Word for word, copy the lines beginning at the one with "Der Nitecore Farbfilter" and ending at the last line below; pictures stay out.

-*-*-

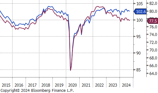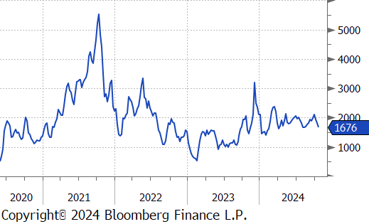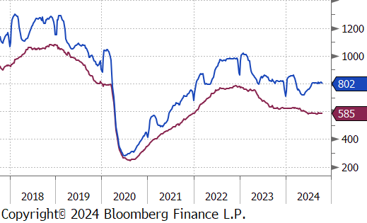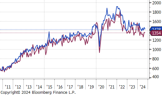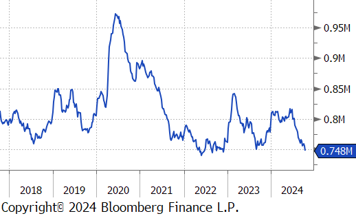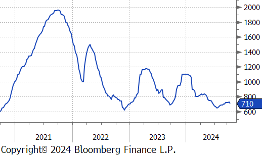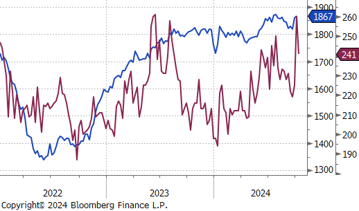 Interestingly, after last week’s worse than expected surge in initial jobless claims, this week’s figure came in well below expectations of another 259k claims, printing down to 241k. While this number could rise again next week, (the period surveyed encompasses the time between Hurricane’s Helene & Milton) it is an encouraging signal that the labor market is in fact more stable the last week’s surprise data initially suggested. Continuing jobless claims ticked higher to 1,867k from 1,861k.
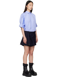 Cotton poplin and plain-woven wool-blend minidress. · Integrated top-and-skirt-style construction · Stripes throughout · Spread collar · Concealed button closure · Gathering at waist · Belt loops and detachable cinch belt at waist · Seam pockets · Zip vent at front hem · Buttoned barrel cuffs · Box pleat at back yoke · Welt pockets at back · Darts at back hem · Partial mesh lining Supplier color: L.blue stripe/Navy Body 1: 70% polyester, 30% wool. Body 2: 100% cotton. Trim: 100% cupro. Lining: 100% polyester. Made in Japan 252445F052004
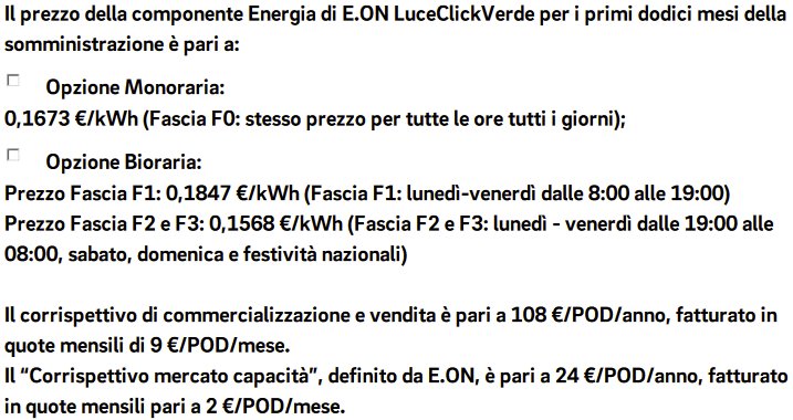 Mario_Rossi domanda da un milione Dal primo novembre sono con E.ON a queste condizioni: fatto il passaggio per evitare il rinnovo a prezzi esagerati del precedente gestore Dite che è il momento giusto per passare ad altro operatore, tipo octopus? Storicamente il mese di aprile dovrebbe essere quello con i prezzi migliori per scegliere il prezzo fisso migliore, giusto?
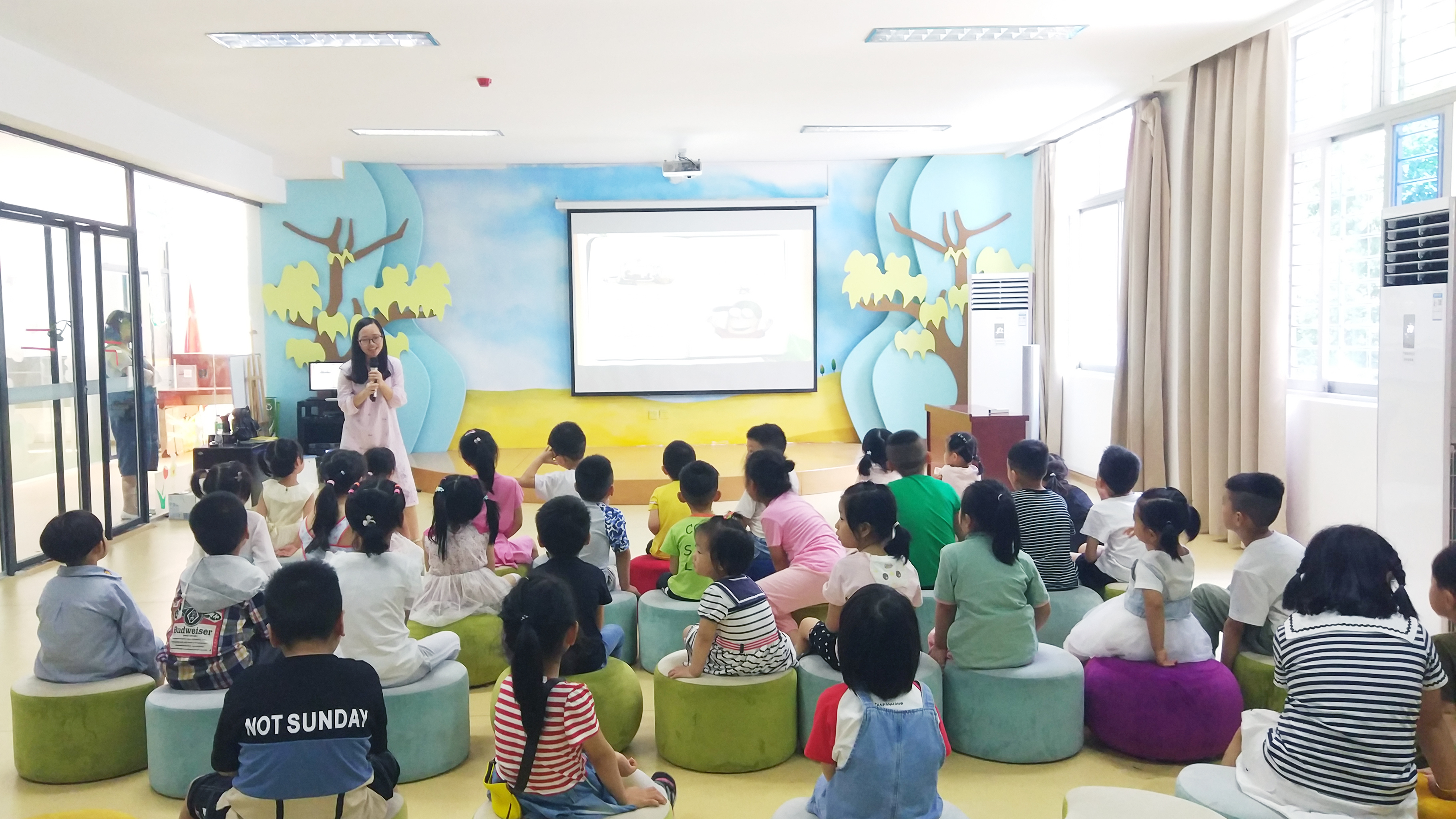 6月16日上午,beat365官网beat365中文官方网站教工党支部与市图书馆联合举办的双语绘本讲读活动在泉州市图书馆少儿分馆如期开讲。图书馆二楼多功能厅洋洋盈耳,座无虚席,30几位小朋友在家长的陪伴下如约来到这里,聆听beat365中文官方网站李媛媛和王流新两位老师讲述英文绘本故事《Fly Guy》和中文绘本故事《不要随便欺负我》。
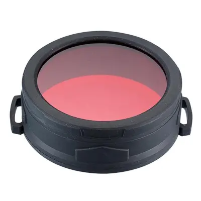 Der Nitecore Farbfilter in der Farbe rot erzeugt einen roten Lichstrahl. Die Leuchtweite wird durch die Verwendung des Aufsatzfilter um ca 50% reduziert.
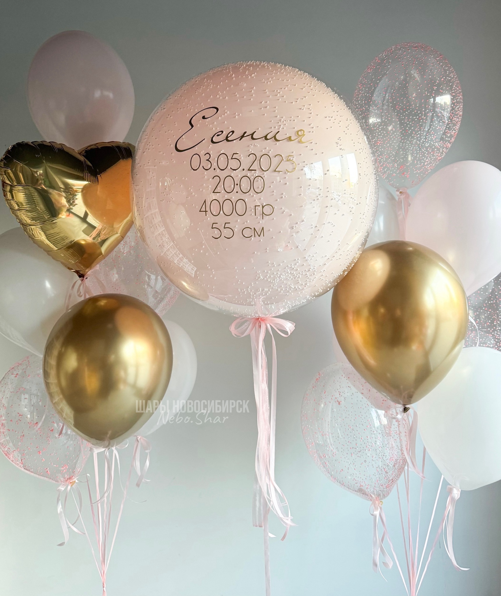 • Фонтан 8 шаров (1 сердце 45 см золото, 1 хром золото, 2 прозрачных с конфетти, 2 розовый макарунс, 2 белых)

-*-*-

SOLUTION FOR THIS EXERCISE:
 Der Nitecore Farbfilter in der Farbe rot erzeugt einen roten Lichstrahl. Die Leuchtweite wird durch die Verwendung des Aufsatzfilter um ca 50% reduziert.
 • Фонтан 8 шаров (1 сердце 45 см золото, 1 хром золото, 2 прозрачных с конфетти, 2 розовый макарунс, 2 белых)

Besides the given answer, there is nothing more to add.